=== Section Start ===

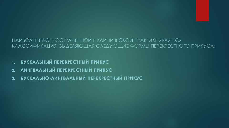 НАИБОЛЕЕ РАСПРОСТРАНЕННОЙ В КЛИНИЧЕСКОЙ ПРАКТИКЕ ЯВЛЯЕТСЯ КЛАССИФИКАЦИЯ, ВЫДЕЛЯЮЩАЯ СЛЕДУЮЩИЕ ФОРМЫ ПЕРЕКРЕСТНОГО ПРИКУСА: 1. БУККАЛЬНЫЙ ПЕРЕКРЕСТНЫЙ ПРИКУС 2. ЛИНГВАЛЬНЫЙ ПЕРЕКРЕСТНЫЙ ПРИКУС 3. БУККАЛЬНО-ЛИНГВАЛЬНЫЙ ПЕРЕКРЕСТНЫЙ ПРИКУС .
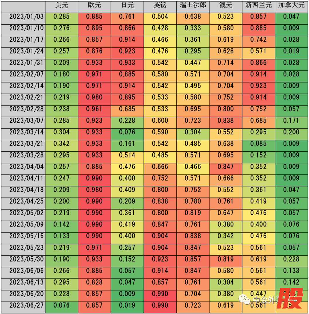 图表29:主要货币的净头寸/未平仓量的百分位数(为反转信号指标,其值过高或过低时易出现反转)
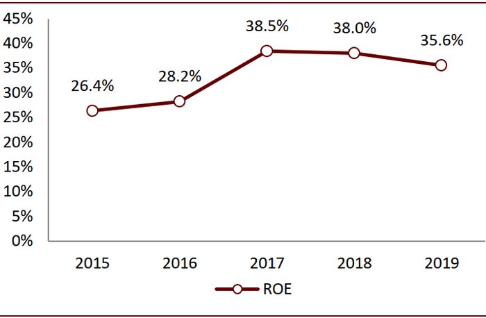 回归轻资产模式,渠道质量与掌控力更佳。装瓶商系统的演变,使可口可乐在全球化管理上不断精细化,渠道掌控持续增强,渠道护城河进一步加强。受益于再造特许经营系统战略,公司回归至轻资产模式,2019年可口可乐装瓶投资收入占比从2015年的52%降至19%,ROE则自2015年的26%升至39%。目前,公司全球绝大部分装瓶业务均由战略装瓶商或大型独立装瓶商负责,质量管控得以提升。
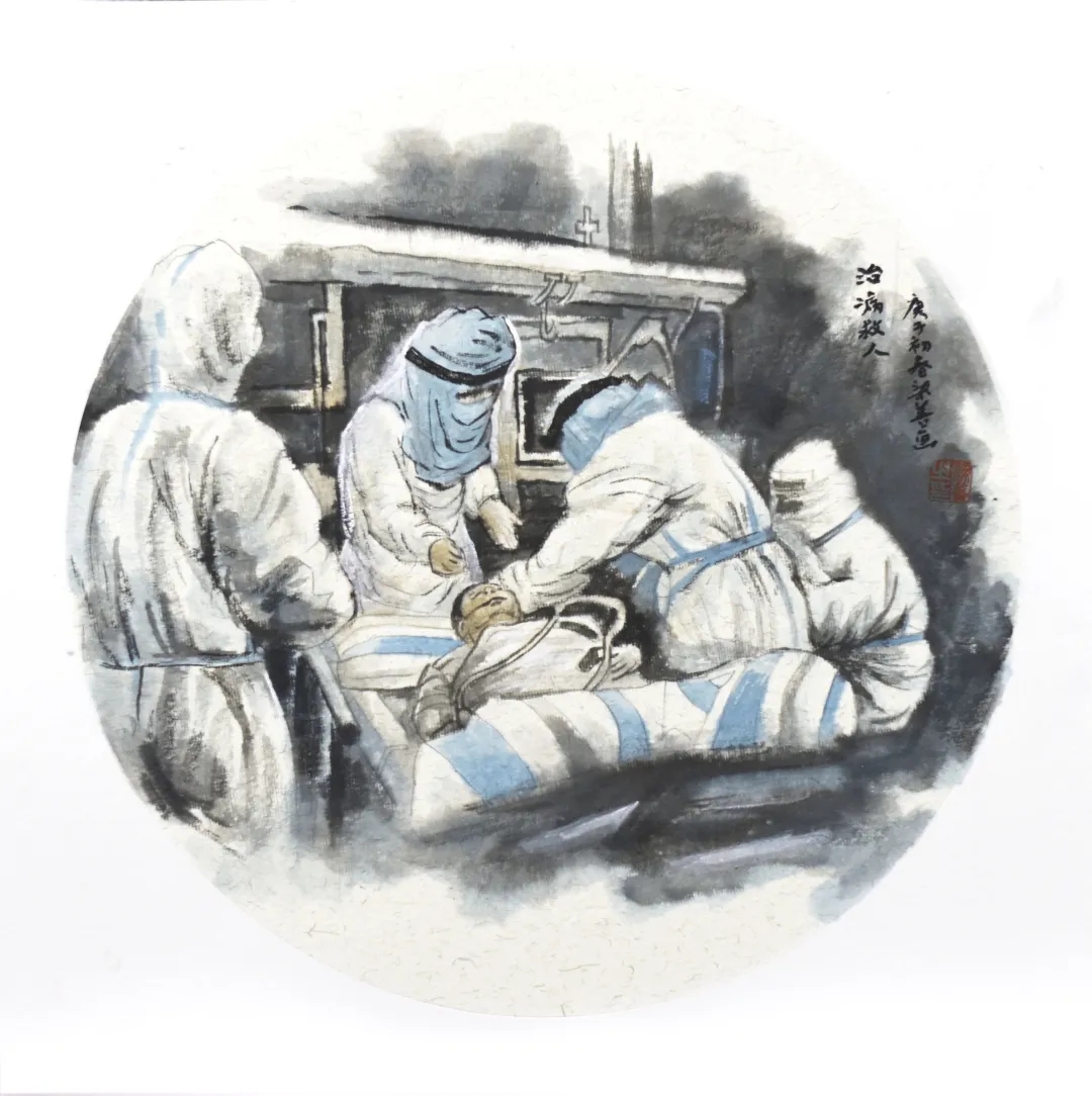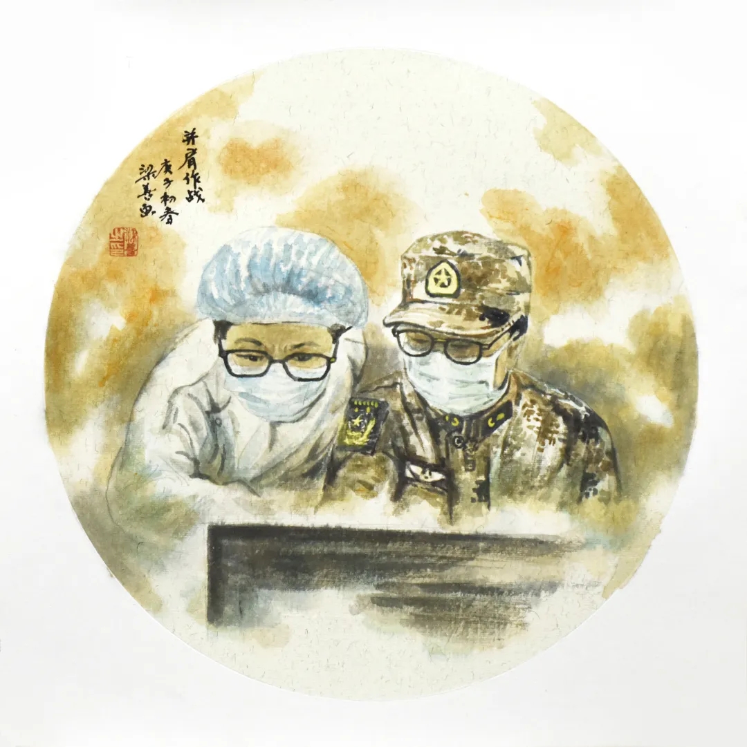 梁善经理:抗击疫情期间,本人以身作则,进行一系列的国画创作,讴歌了奋战在抗击疫情一线的的医生护士的光荣事迹。

=== Section End ===

REQUIREMENT >>
Exact repetition required: repeat the first line of the listing above, the line containing "图表29:主要货币的净头寸/", and every line between, leaving out pictures.

ANSWER FOR THIS EXERCISE >>
 НАИБОЛЕЕ РАСПРОСТРАНЕННОЙ В КЛИНИЧЕСКОЙ ПРАКТИКЕ ЯВЛЯЕТСЯ КЛАССИФИКАЦИЯ, ВЫДЕЛЯЮЩАЯ СЛЕДУЮЩИЕ ФОРМЫ ПЕРЕКРЕСТНОГО ПРИКУСА: 1. БУККАЛЬНЫЙ ПЕРЕКРЕСТНЫЙ ПРИКУС 2. ЛИНГВАЛЬНЫЙ ПЕРЕКРЕСТНЫЙ ПРИКУС 3. БУККАЛЬНО-ЛИНГВАЛЬНЫЙ ПЕРЕКРЕСТНЫЙ ПРИКУС .
 图表29:主要货币的净头寸/未平仓量的百分位数(为反转信号指标,其值过高或过低时易出现反转)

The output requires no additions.